- Classification: Protestant
- Orientation: Reformed
- Theology: Calvinist
- Polity: Presbyterian
- Associations: Reformed and Presbyterian Fellowship of India
- Region: Sikkim
- Origin: 1993; 32 years ago
- Separated from: Church of North India
- Branched from: Church of Scotland
- Congregations: 120 (2015)
- Members: 61,000 (2018)
- Official website: councilofepcs.org

= Evangelical Presbyterian Church of Sikkim =

The Evangelical Presbyterian Church of Sikkim (EPCS) is a Presbyterian denomination that was reorganised in Sikkim 1993 by various churches that broke away from the Church of North India. As of 2014, it is the largest Christian denomination in Sikkim.

== History ==

The Presbyterian churches originate from the Protestant Reformation of the 16th century. It is the Christian Protestant churches that adhere to Reformed theology and whose ecclesiastical government is characterized by the government of an assembly of elders.

Government Presbyterian is common in Protestant churches that were modeled after the Reformation Protestant Switzerland, notably in the countries of Switzerland, Scotland, Netherlands,  France and portions of Prussia, of Ireland and later in United States.

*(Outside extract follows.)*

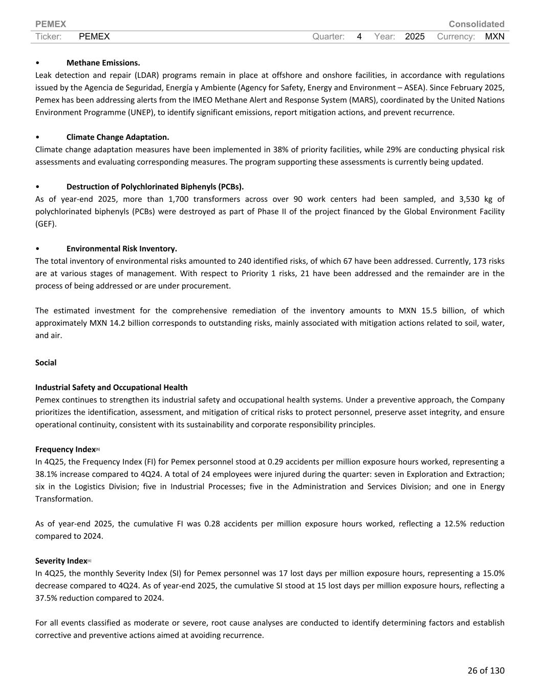 PEMEX Consolidated Ticker: PEMEX Quarter: 4 Year: 2025 Currency: MXN 26 of 130 • Methane Emissions. Leak detection and repair (LDAR) programs remain in place at offshore and onshore facilities, in accordance with regulations issued by the Agencia de Seguridad, Energía y Ambiente (Agency for Safety, Energy and Environment – ASEA). Since February 2025, Pemex has been addressing alerts from the IMEO Methane Alert and Response System (MARS), coordinated by the United Nations Environment Programme (UNEP), to identify significant emissions, report mitigation actions, and prevent recurrence. • Climate Change Adaptation. Climate change adaptation measures have been implemented in 38% of priority facilities, while 29% are conducting physical risk assessments and evaluating corresponding measures. The program supporting these assessments is currently being updated. • Destruction of Polychlorinated Biphenyls (PCBs). As of year-end 2025, more than 1,700 transformers across over 90 work centers had been sampled, and 3,530 kg of polychlorinated biphenyls (PCBs) were destroyed as part of Phase II of the project financed by the Global Environment Facility (GEF). • Environmental Risk Inventory. The total inventory of environmental risks amounted to 240 identified risks, of which 67 have been addressed. Currently, 173 risks are at various stages of management. With respect to Priority 1 risks, 21 have been addressed and the remainder are in the process of being addressed or are under procurement. The estimated investment for the comprehensive remediation of the inventory amounts to MXN 15.5 billion, of which approximately MXN 14.2 billion corresponds to outstanding risks, mainly associated with mitigation actions related to soil, water, and air. Social Industrial Safety and Occupational Health Pemex continues to strengthen its industrial safety and occupational health systems. Under a preventive approach, the Company prioritizes the identification, assessment, and mitigation of critical risks to protect personnel, preserve asset integrity, and ensure operational continuity, consistent with its sustainability and corporate responsibility principles. Frequency Index[5] In 4Q25, the Frequency Index (FI) for Pemex personnel stood at 0.29 accidents per million exposure hours worked, representing a 38.1% increase compared to 4Q24. A total of 24 employees were injured during the quarter: seven in Exploration and Extraction; six in the Logistics Division; five in Industrial Processes; five in the Administration and Services Division; and one in Energy Transformation. As of year-end 2025, the cumulative FI was 0.28 accidents per million exposure hours worked, reflecting a 12.5% reduction compared to 2024. Severity Index[6] In 4Q25, the monthly Severity Index (SI) for Pemex personnel was 17 lost days per million exposure hours, representing a 15.0% decrease compared to 4Q24. As of year-end 2025, the cumulative SI stood at 15 lost days per million exposure hours, reflecting a 37.5% reduction compared to 2024. For all events classified as moderate or severe, root cause analyses are conducted to identify determining factors and establish corrective and preventive actions aimed at avoiding recurrence.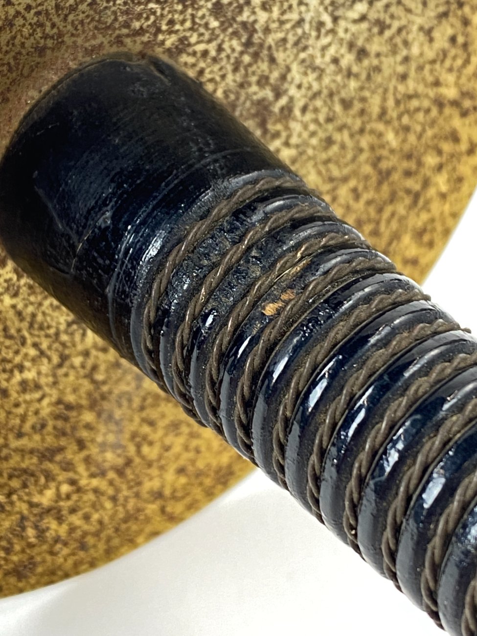 | Papildoma informacija | Ant metalo yra rūdžių. Matoma žalvarinio rankenos galiuko oksidacija. |

In the 19th and 20th centuries, the Church of Scotland planted churches in North India. In 1936, the Evangelical Presbyterian Church of Sikkim was established by the Scottish missions. However, after the Independence of India, the missionaries had to leave the region. Consequently, most Protestant groups in the north of the country united to form the Church of North India (CNI) in 1970.

In 1993, most of the CNI-affiliated churches in Sikkim separated from the denomination and reconstituted the Evangelical Presbyterian Church of Sikkim, the largest Christian denomination in the state since then. Since then, the denomination has been known for its social actions.

== Doctrine ==

The EPCS subscribes to the Apostles' Creed, Athanasian Creed, Niceno-Constantinopolitan Creed, Westminster Confession of Faith, Westminster Shorter Catechism and Westminster Larger Catechism.

== Interchurch Relations ==

The denomination is a member of the Reformed and Presbyterian Fellowship of India.